Carrows was a subsidiary of Shari's Cafe & Pies and casual dining restaurant that served breakfast and lunch/dinner in California, United States.

==History==
Carrows was started by David G. Nancarrow in Santa Clara, California, in 1970 as the Carrows Hickory Chip Restaurant. In late 1993, its parent company filed for Chapter 11 bankruptcy. Carrows and its sister chain Coco's Bakery Restaurants were purchased by Advantica Restaurant Group in 1996, which would file for bankruptcy the following year.
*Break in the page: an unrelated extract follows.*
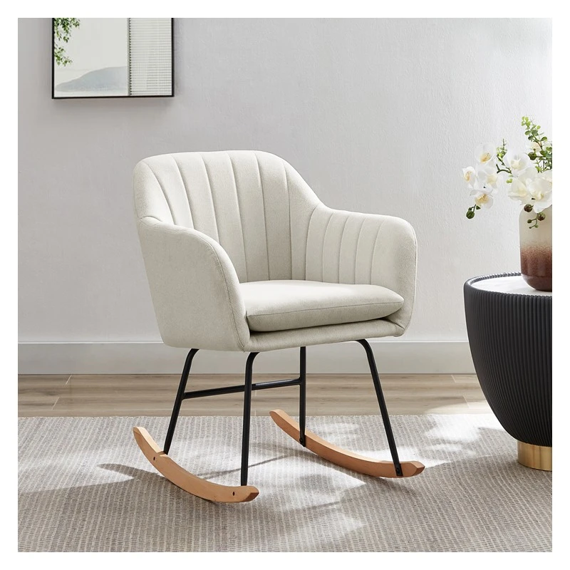 Découvrez le fauteuil rocking chair ELSA au style scandinave. Ses pieds à bascule vous offriront un instant de détente. Ce fauteuil sera parfait pour prendre votre café, travailler face à votre bureau ou bercer un bébé.

In 2002 they were acquired by Catalina Restaurant Group, Inc.

In California, Carrows/Coco's Bakery competed directly with Marie Callender's and Bakers Square restaurants.

In 2006, Catalina Restaurant Group was bought by Japanese company Zensho Co., Ltd., which has operated Coco's Japan for many years.

In 2015, Food Management Partners acquired Catalina Restaurant Group Inc., (parent of Coco's and Carrows).

In September 2018, it was announced that Shari's Cafe & Pies had taken over Carrows and Coco's.

On June 28, 2023, Carrows has shuttered its restaurant in Cerritos due to the company's retirement.

In May 2026, Lena Brands, the parent company of Carrows, filed for Chapter 11 bankruptcy protection, listing assets and liabilities between $1 million and $10 million.